Based on this, if I take apart your car in your driveway and store all of the pieces in my garage, I didn't steal your car, right?
I merely disassembled your car, at which point it ceased to exist and was no longer your car. And then I took the pieces of not-your-car for myself.
If this sounds silly to you, it should.
Clearly the issue is that these ML models are being trained on stuff that isn't theirs. You can argue that they never "stole" the images because it's computer data. So now software piracy is fine right?
All content on the internet, even uploaded to freely viewable image libraries, has some manner of license. I could just go on DeviantArt and grab some person's work and start making T-Shirts for sale, but that wouldn't be legal would it?
So why should it be just assumed that the license allows training on AI models? This needs to be tested in court.
Comparing theft to "intellectual" property that can be trivially copied often doesn't make sense and can lead one to wrong conclusions.
> So now software piracy is fine right?
Finally something almost on topic. But that's just begging the question. And it's not software we're talking about, but images.
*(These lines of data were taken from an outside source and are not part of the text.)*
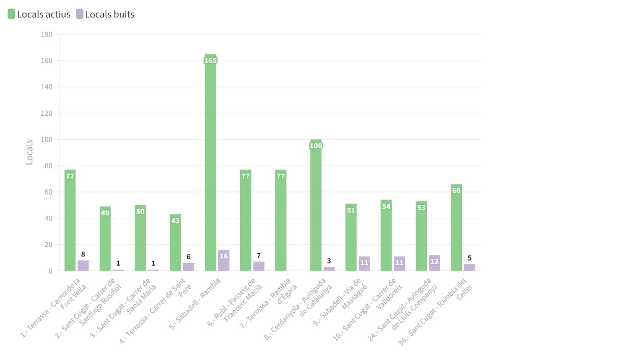 D’altra banda, Sant Cugat també té una presència destacada quan el rànquing s’elabora tenint en compte els eixos comercials i no la globalitat dels municipis. Així, els carrers que uneixen l’estació dels FGC amb la plaça d’Octavià es troben al top 10. El carrer de Santiago Rusiñol és el segon, amb 49 locals ocupats i un de buit; el de Santa Maria, el tercer, amb 50 locals actius i un inactiu; i el de Valldoreix es troba al desè lloc, amb 54 locals amb activitat i 11 sense. Locals comercials als eixos comercials de la comarca / Font: Consell Comarcal Vallès Occidental / Cugat Mèdia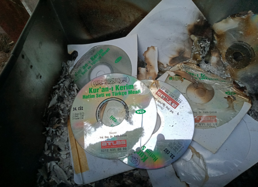 Bursa'nın Mustafakemalpaşa ilçesinde bulunan Adile Mezarlığındaki Yasin cüzleri ve Kuran-ı Kerim CD'leri yakıldı.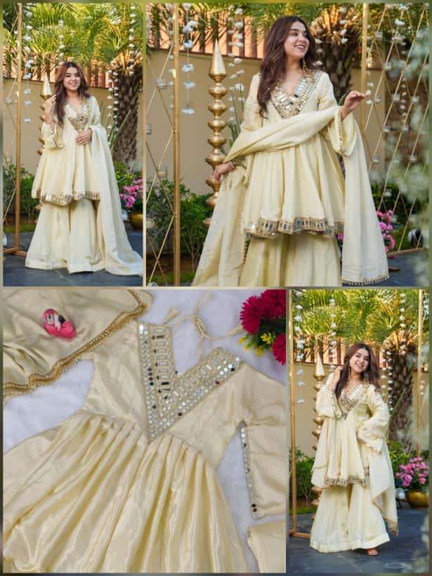 Fabric: Soft Chinon + Beautiful Coding & Real Mirror Work On Neck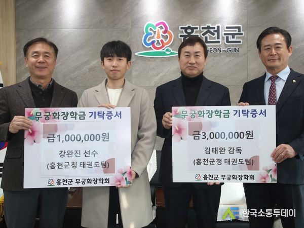 한국소통투데이 관리자 기자 | 홍천군청 직장운동경기부 태권도팀 김태완 감독과 강완진 선수는 12월 27일 홍천군청을 방문하여, 홍천군 인재육성을 위해 무궁화 장학금 400만원을 기탁했다.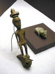 Keywords: Ethnologisches Museum Dahlem Berlin Mai 2006 020.jpg The statue with the man is a hook for windows from the island of Yap Item is from the Collection Zembsch 1884 The second piece is a head of cat made from sandstone also from Yap Item from the Collection Senfft 1902 Among anthropologists who visited the Micronesian islands of Yap in the beginning of the 20th century the plastic art of the islanders found little acknowledgement The German Wilhelm Müller for example who visited Yap in 1909 passed the judgement The artistic gift of the people of Yap is on a relatively low level Today we know that judging the aesthetics of non-European societies measured by western standards usually lead to the wrong conclusions It can be assumed that the objects tells us more about the extent of European influence on Yap than about the traditional Yapese art forms and meanings Cats were introduced by the Europeans to Yap at the end of the 19th century Possibly representations of the animals were made primarily for the sale to Europeans However the carved figure with one head in the shape of a cat and the other in the shape of a man was made for own purposes It is a hook which served to to keep open windows and doors of houses Both items are at the Ethnologisches Museum Berlin-Dahlem own 2006-05 Gryffindor I release it into the public domain Culture of Yap Figures in the Südseeabteilung Ethnological Museum Berlin sandstone sculptures Statues of cats in Germany |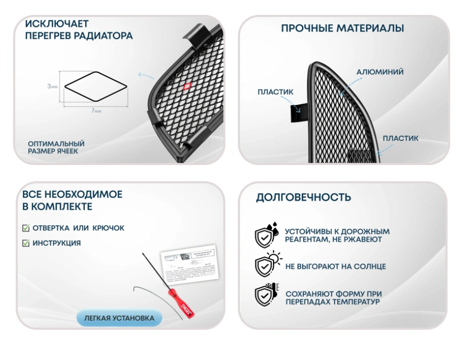Защитная сетка устанавливается поверх штатной решетки радиатора на пластиковые Г-образные защелки. Достаточно защелкнуть сетку в штатные отверстия решетки и зафиксировать её в посадочном месте. Отвертка помогает загнуть защёлки. Снятие штатной решетки и разбор бампера не требуются.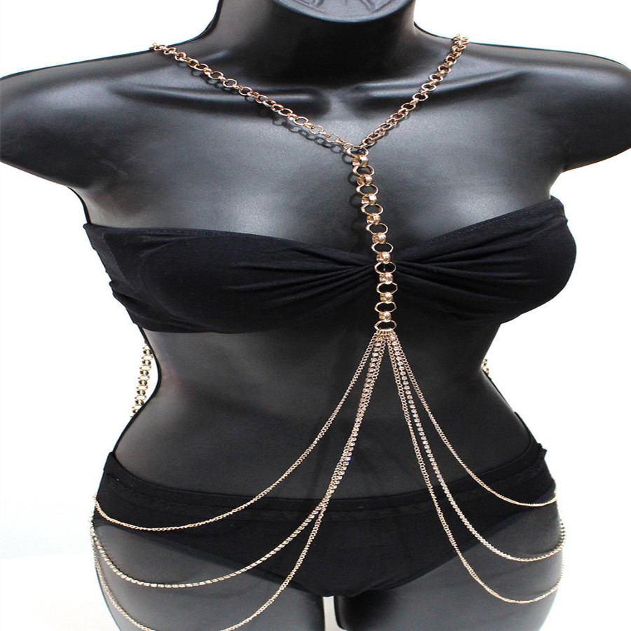 Material: AlloyTreatment process: electroplatingType: NecklaceStyle: Women'sModeling: body chainColor: gold, silver

Training neural networks on massive datasets is a pretty new phenomenon, I don't think anyone can say definitely whether it's copyright infringement or not, because...
> This needs to be tested in court.
Exactly. I'm glad we agree on at least something.
Historically the UK courts have taken a (overly IMHO) strict attitude (eg. https://www.lexology.com/library/detail.aspx?g=57171429-4dea... ) to copyrights so I'd guess the outcome won't be too favorable to Stable Diffusion, but it wouldn't it be funny to read your assertions in case they win.
These words all provide a reference point to help humans understand the technology, but regardless of any apparent similarities, SD does not “see” the way humans see, or become “inspired” the way humans are inspired.
I suspect that if humans had the ability to operate on billions of images to systematically gain “inspiration”, the state of copyright law and rules around fair use would not look the way they do today. The fact that artists are all on a relatively level playing field, innate talents notwithstanding, seems at the core of the historical precedents set by artists drawing inspiration from each other.
I’d argue that generative AI isn’t adding a new player to that game, but altering that game entirely.
All of the more simplistic analogies seem similar to claiming that automobiles are really the same as bicycles, just faster. Except automobiles resulted in major shifts in both behavior and policy, and there’s a reason people don’t ride bicycles on the autobahn.
Generative AI is transformative and exciting tech, but we need to stop pretending it’s human, if only because it’s important that policy makers don’t see this technology as human-like intelligence.
That argument may benefit ethically questionable models in the short term, but seems legitimately dangerous when considering other emerging AI use cases and the possibility that AIs will be handling decision making for critical systems in the near future.